Originally posted by Bobo
1. Provirin is 1-methylated DHT and reacts in the same fashion. Should of said 1-methylated DHT levels. The control mechanism keeps it from reaching supraphysiological levels and the rest is converted back to 3-alpha until DHT levels are low enough for it to get converted back to 1-methylated DHT.
Do you have a reference for this? I'm pretty sure any self-regulation of DHT levels (at least when supraphysiological amounts are involved) will come from shutting down test production.
2. PA doesn't know but also agrees its probably instataneous. I've seen him post that somewhere but this is also speculated by others.
I've seen him speculate the other way so this is pretty much a wash. I had a similiar discussion with him on 4AD over at bb.com
3. Well its more similar to Test than D-bol but D-bol still aromatizes into E2 and 17 Methyl E2 along with methyltest. I didn't say it was a derivative but its reacts in the same way AS test derivatives. If it reacts in the same fashion in terms of side effects, then its a good assumption, if what is happening is unknown. Like you said, the side effects suggest something else is going on. If its estrogen related, this could be it.

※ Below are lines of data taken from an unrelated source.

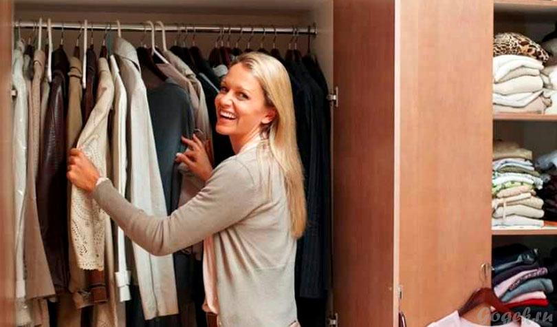 Одежда начинает хуже пропускать воздушное пространство, а на ее поверхности скапливаются микробы. Раз в неделю вещи следует чистить твердой щеткой и перетряхивать. Костюмы и сорочки нужно хранить на подходящих по размеру плечиках, которые должны правильно заполнять их количество. А штаны нужно вывешивать на особую брючную вешалку, где брючины принимают нужную форму под собственным весом. Юбки вешают на особую вешалку с зажимами или на маленькие крючки посредством воздушных петель, которые находятся на внутренней стороне.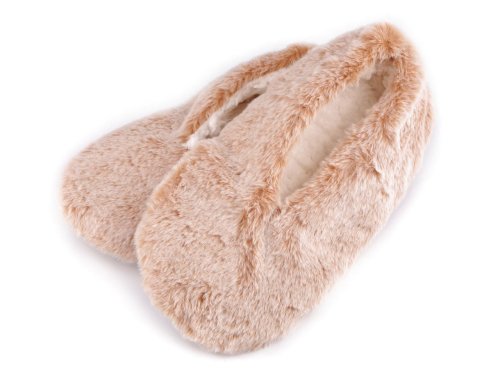 Dámské balerínky jsou skvělé jako domácí obuv. Jsou heboučké, [z vrchní strany mají umělou kožešinu], uvnitř je teplá chlupatá podšívka, která věrně imituje vlnu. Protiskluzové gumové tečky na chodidle zabrání uklouznutí. Upozorňujeme zákazníky, že složení na štítcích se může lišit, materiál je akryl, polyamid a polyester. [Vnitřní délka u velikosti 35-38 je 23 cm, u velikosti 39-42 je 26 cm.]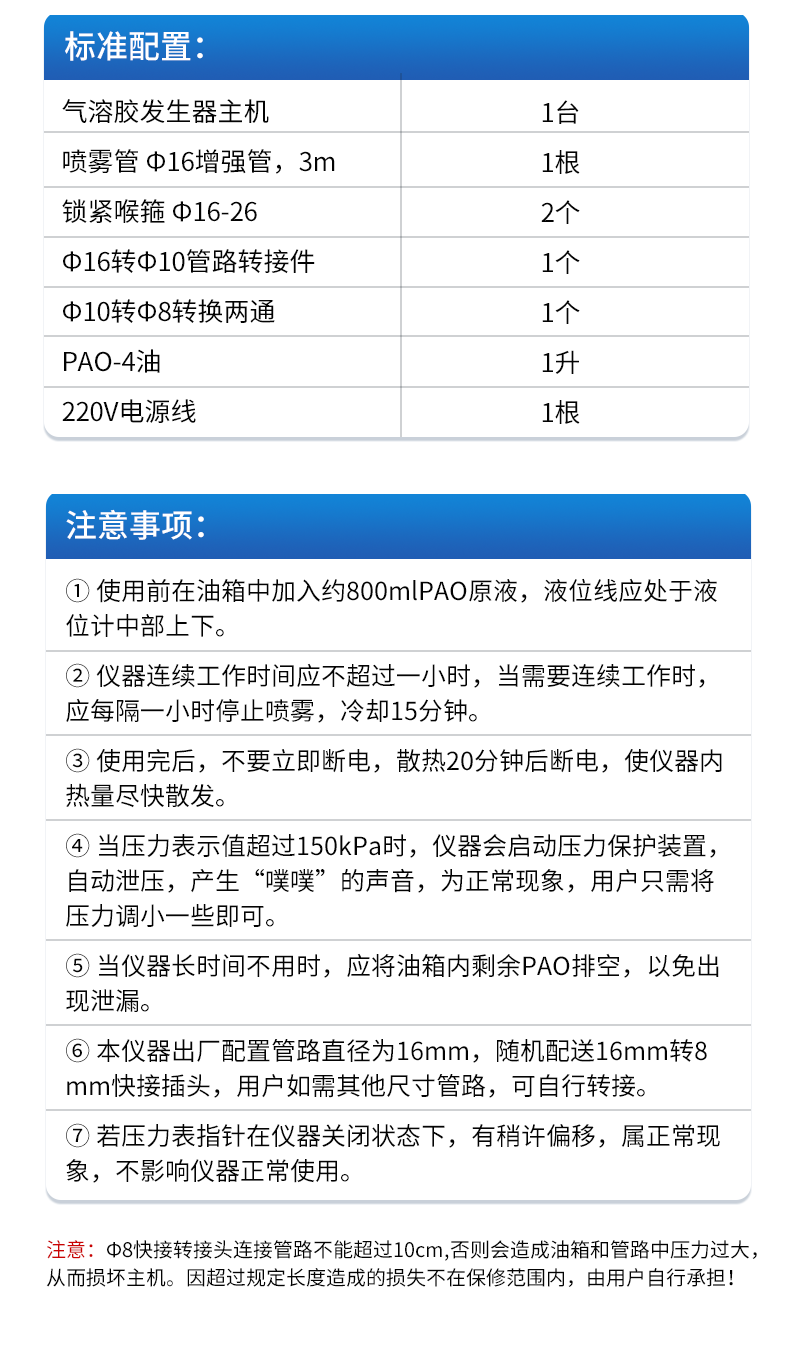 Φ8快接转接头连接管路不能超过10cm,否则会造成油箱和管路中压力过大,从而损坏主机。因超过规定长度造成的损失不在保修范围内,由用户自行承担!

Could be, but this is a shot in the dark. Again, we know what it does convert to -- most effects probably come from conversion to test and possibly 4dione
4. With most of the PH absorbed within the first hour and the rest hours after that, saturation doesn't really play much of an issue IMO. Plus if conversion is instantaneous like most speculate, then its not an issue in my book. I'm more worried about what happens when natural levels of test are reached and what happens after that point.

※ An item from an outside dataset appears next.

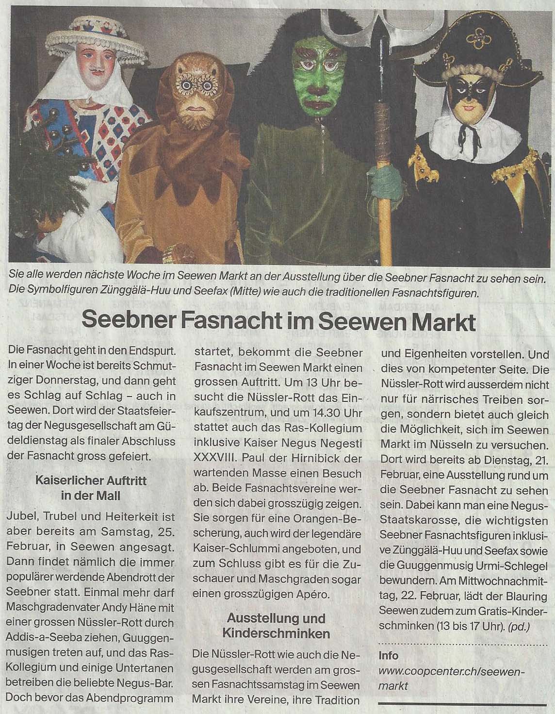 Zweifelsohne gilt die anstehende ‘Abigrott’ mit all ihrem Zugehör zu den Eckpfeilern der Seebner Fasnacht. Wenige Stunden davor findet heuer ein weiteres Highlight statt. Die Seebner Fasnächtler treten im Coop SeewenMarkt auf, wie verschiedenen Gazetten entnommen werden konnte. Die eigentliche ‘Abigrott’ startet dann wenige Stunden später zu ihrem Rundlauf durch die Strassen und Wirtshäuser…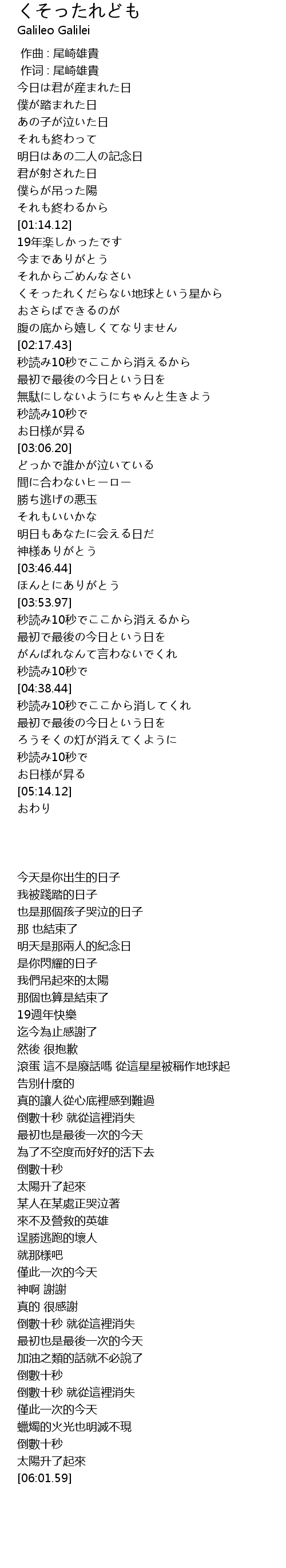 | [00:01.00] | 作词 : 尾崎雄貴 |

I'm curious as how you can say this. Transdermals deliver a constant flow, which means once levels are saturated -- they stay saturated. There is a finite amount of 3bHSD in your body; once it's occupied no more 4AD will convert.
Also, what's the obsession with natural levels of test and DHT? You're suppressing test production almost immediately, whether you go past natural levels or not (at least in the examples we're discussing)

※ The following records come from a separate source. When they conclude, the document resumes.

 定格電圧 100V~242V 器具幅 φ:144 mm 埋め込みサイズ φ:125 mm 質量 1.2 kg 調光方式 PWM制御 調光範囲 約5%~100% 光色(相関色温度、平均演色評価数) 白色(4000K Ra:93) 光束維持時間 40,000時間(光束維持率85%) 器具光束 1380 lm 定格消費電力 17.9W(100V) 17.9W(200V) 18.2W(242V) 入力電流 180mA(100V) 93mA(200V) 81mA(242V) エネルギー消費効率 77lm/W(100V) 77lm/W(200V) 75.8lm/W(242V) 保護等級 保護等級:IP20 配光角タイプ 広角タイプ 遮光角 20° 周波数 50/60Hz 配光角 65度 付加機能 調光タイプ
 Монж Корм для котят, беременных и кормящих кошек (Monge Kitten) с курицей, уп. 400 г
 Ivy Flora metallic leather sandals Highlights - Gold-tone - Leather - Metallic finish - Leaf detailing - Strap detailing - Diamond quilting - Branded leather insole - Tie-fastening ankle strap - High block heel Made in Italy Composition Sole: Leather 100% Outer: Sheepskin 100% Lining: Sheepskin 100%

"Mesterolone is an orally active, 1-methylated DHT. Like Masteron, but then actually delivered in an oral fashion. DHT is the conversion product of testosterone at the 5-alpha-reductase enzyme, the result being a hormone that is 3 to 4 times as androgenic and is structurally incapable of forming estrogen. One would imagine then that mesterolone would be a perfect drug to enhance strength and add small but completely lean gains to the frame. Unfortunately there is a control mechanism for DHT in the human body. When levels get too high, the 3alpha hydroxysteroid dehydrogenase enzyme converts it to a mostly inactive compound known as 3-alpha (5-alpha-androstan-3alpha,17beta-diol), a prohormone if you will. It can equally convert back to DHT by way of the same enzyme when low levels of DHT are detected."
1. PA is not the only one. Many discussion over at CEM speculate the same thing so I don't personall think its a wash. Thats your opinion.
2. I don't think its a shot in the dark. I think its a wise assumption since the majority of the side effects are similar and its a precursor to test anyway. Its theorizing based on available data.
3. I think the conversion is instantaneous or happens in a very short amount of time. If we were to follow your theory once that number is reached, no more 4AD will ever convert. I think once the convreion is made, the enzyme is free to convert more. The limiting factor is the amount being absorbed and with a trans its more of a controlled slower delivery so I don't believe saturation is a big factor unless your taking insane amounts.
4. I explained my reasons about natural levels of test above and I'm not really concerned about suppression. I more concerned to what substance or what metabolites are produced when test levels hit their maximum (converison of 4AD). If 4AD ability to convert test is limited, then what substance does it convert too when those levels are reached. I think its more active or inactive metabolites which could explain the increased estrogenic side effects that most see.
Quote by PA
"Enzymes do not have to recover any more than a toll booth has to recover after the car ahead of you goes through. I would imagine also that the conversion of a steroid molecule by this enzyme happens in like a nanosecond or something like that. Boom! Its done"
"I think we have to remember that there are competing enzymes that can do other things to the hormones, so its a matter of what percentage gets to interact first with the 3beta HSD, what percentage first gets hydroxylated, what percentage first gets converted to the 17ketone by 17b-HSD, what percentage gets dumped by the kidneys before any metabolism can occur, etc etc
But if 3beta HSD were the only enzyme in the body then perhaps you would be correct.
As it stands, i think its my guess that the majority of 4diols do get converted by 3beta-HSD before they undergo any other fates."
"If it converts to testosteorne then surely you will also see formation of all metabolites of testosterone.
HOwever, there is apparently no DIRECT 5alpha reduction of 4-AD"
These are the statements I base my opinion on. Its seems conversion is rather quick, and metabolites are produced (although we don't kow which ones) . From this I also assume saturation is rather tough to do unless your taking ridiculous amounts. If your doing that, you mine ass well take the real thing.